Esses empreendimentos de grande porte modificam a lógica de valorização da terra e a configuração espacial da orla, resultando na alteração do espaço junto às zonas de praia e contribuindo para expandir a urbanização na faixa litorânea. A atividade turística e imobiliária aí desenvolvida, ao gerar novos usos e formas de ocupação, é responsável pelo surgimento de novas espacialidades e novos fluxos metropolitanos.

Em suma, a ocupação das faixas litorâneas leste da RMF e norte da RMM obedecem às tendências da urbanização contemporânea, produzindo formas de tecido urbano diferenciadas e inovadoras (REIS, 2006).
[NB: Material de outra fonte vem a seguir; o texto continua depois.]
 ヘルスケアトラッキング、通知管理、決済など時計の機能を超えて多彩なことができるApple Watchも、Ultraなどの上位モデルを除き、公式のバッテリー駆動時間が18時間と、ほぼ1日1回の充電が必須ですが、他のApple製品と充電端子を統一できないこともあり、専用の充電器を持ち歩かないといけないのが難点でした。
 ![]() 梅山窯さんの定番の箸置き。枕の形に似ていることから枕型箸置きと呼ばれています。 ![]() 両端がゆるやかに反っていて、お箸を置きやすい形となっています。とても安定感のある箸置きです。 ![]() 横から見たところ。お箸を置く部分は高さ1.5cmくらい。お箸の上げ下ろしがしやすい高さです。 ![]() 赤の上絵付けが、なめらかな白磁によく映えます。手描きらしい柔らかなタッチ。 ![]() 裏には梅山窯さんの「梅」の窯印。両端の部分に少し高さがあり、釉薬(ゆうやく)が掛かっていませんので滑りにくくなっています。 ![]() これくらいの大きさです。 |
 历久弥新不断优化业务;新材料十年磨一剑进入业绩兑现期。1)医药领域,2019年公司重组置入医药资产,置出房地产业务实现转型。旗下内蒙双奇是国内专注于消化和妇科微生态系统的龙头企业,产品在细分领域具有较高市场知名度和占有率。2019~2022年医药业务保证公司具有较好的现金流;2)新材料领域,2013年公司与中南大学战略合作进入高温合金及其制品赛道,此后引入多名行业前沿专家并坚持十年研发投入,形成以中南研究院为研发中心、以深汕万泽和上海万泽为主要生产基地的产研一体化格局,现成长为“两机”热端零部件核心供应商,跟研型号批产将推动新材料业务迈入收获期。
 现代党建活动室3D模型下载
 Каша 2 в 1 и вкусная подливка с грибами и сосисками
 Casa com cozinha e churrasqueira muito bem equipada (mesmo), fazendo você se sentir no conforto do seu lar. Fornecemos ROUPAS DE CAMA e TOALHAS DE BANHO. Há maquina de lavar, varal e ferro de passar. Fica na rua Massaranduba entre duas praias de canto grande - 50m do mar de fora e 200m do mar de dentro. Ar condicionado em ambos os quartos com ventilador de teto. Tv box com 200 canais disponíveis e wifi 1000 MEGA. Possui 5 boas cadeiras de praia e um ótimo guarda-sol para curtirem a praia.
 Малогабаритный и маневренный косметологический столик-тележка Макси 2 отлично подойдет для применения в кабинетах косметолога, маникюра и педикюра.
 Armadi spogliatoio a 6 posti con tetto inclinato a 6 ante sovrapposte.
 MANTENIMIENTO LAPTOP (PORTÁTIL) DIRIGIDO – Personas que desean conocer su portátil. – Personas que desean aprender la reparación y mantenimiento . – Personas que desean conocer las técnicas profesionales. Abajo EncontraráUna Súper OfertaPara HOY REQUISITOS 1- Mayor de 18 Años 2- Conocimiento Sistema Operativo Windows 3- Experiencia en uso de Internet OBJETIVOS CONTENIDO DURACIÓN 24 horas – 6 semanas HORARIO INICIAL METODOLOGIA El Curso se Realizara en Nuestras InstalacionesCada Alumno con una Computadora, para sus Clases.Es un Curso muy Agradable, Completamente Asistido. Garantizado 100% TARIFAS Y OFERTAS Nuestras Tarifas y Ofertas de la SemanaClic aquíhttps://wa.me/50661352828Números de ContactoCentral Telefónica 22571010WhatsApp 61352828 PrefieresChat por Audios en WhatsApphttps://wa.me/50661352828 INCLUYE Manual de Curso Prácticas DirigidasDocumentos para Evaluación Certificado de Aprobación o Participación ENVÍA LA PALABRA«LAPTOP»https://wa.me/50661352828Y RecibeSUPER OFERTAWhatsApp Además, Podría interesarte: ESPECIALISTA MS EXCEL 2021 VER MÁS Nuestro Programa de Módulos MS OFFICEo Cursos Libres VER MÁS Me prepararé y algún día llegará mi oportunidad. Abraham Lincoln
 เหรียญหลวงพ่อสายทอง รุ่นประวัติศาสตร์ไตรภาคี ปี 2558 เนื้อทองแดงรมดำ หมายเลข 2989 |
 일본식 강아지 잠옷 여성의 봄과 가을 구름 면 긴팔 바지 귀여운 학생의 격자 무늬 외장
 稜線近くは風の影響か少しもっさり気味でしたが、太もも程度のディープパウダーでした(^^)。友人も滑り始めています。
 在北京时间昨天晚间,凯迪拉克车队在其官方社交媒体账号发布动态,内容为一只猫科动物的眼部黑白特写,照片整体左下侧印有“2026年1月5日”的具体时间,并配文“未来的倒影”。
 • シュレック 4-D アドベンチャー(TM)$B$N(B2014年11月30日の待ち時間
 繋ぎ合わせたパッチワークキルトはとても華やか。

Efetivados de acordo com suas conveniências, os grandes equipamentos de lazer e turismo, bem como os parques temáticos no caso de Fortaleza e condomínios fechados e resorts em ambas as metrópoles ocupam o espaço de maneira descontínua, evidenciando o fenômeno da dispersão urbana, de que também resultam processos de fragmentação e segregação socioespacial.